London: Germany-based vaccine maker CureVac on Monday announced that early trials of its candidate CvnCoV have triggered a safe and immense response among participants in its Phase 1 trial.
The vaccine produced strong binding and neutralising antibody responses in addition to first indication of T cell activation, the company said.
More than 250 individuals aged 18 to 60 years were involved in the trial.
The vaccine was administered intramuscularly with escalating dose levels of 2, 4, 6, 8 and 12 microgram on days 1 and 29.
The vaccine was also tried on 10 individuals who had previously had COVID-19 (seropositives).
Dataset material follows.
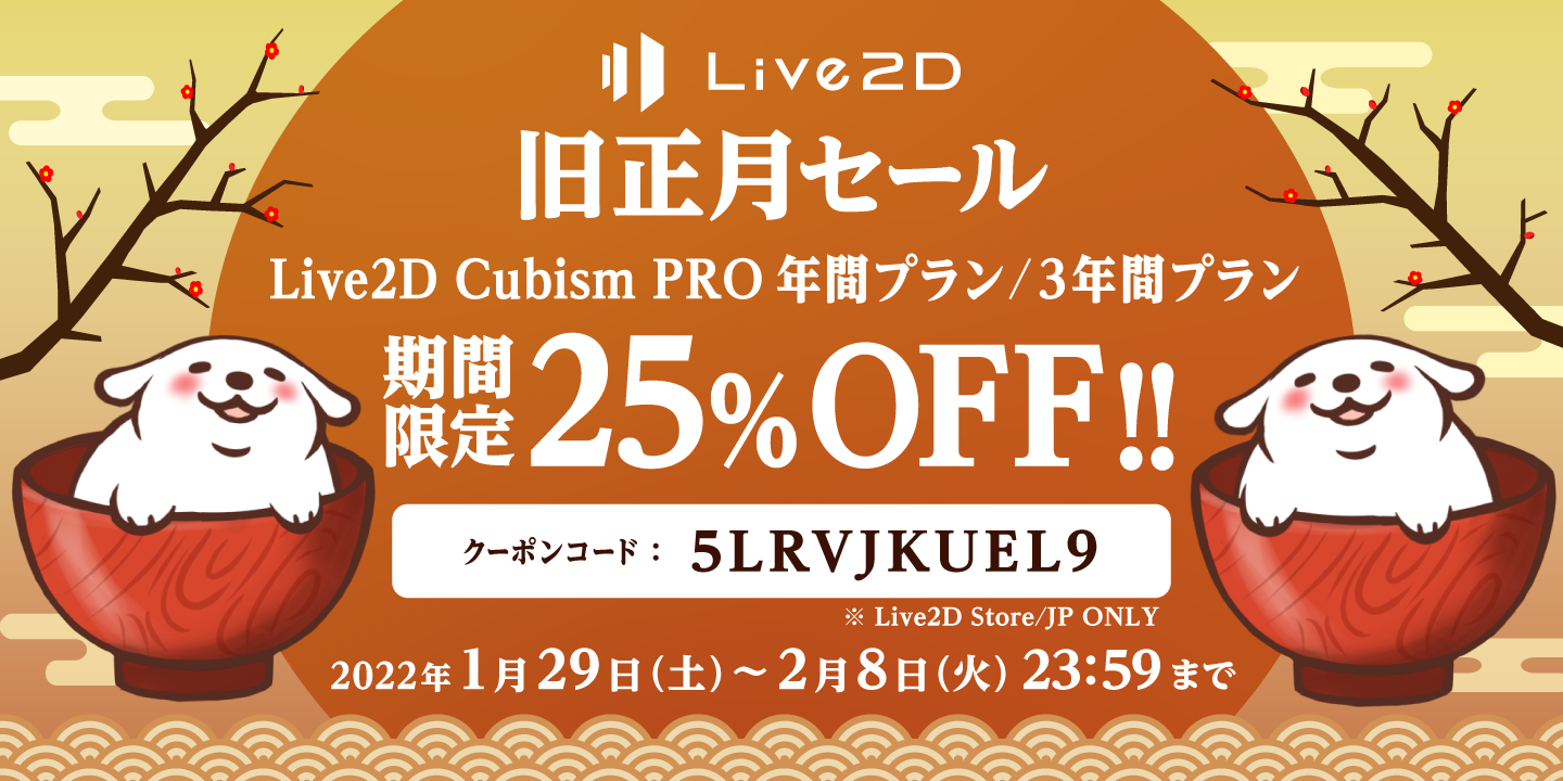 「Live2D」PROライセンスが25%OFF!期間限定 旧正月セール スタート!2022年2月8日(火)まで

“We are very encouraged by the interim Phase 1 data. It represents a critical milestone in our Covid-19 vaccine programme and strongly supports the advancement of our vaccine candidate,” Franz-Werner Haas, Chief Executive Officer of CureVac, said in a statement.
“Following further data readouts and discussion with regulatory authorities, we remain fully committed and on track to initiate a pivotal Phase 2b/3 trial before the end of 2020.”
There were no serious side-effects. At 12 microgram, fatigue, headache, chills, muscle pain, and to a lesser extent, fever were seen, the company said. These were resolved rapidly.
“These initial data show a robust and highly efficient immune response to our natural mRNA (messenger ribonucleic acid)-based CVnCoV vaccine candidate, including antibody and initial T cell responses at the level of a relevant panel of symptomatic convalescent patients,” said Mariola Fotin-Mleczek, Chief Technology Officer of CureVac.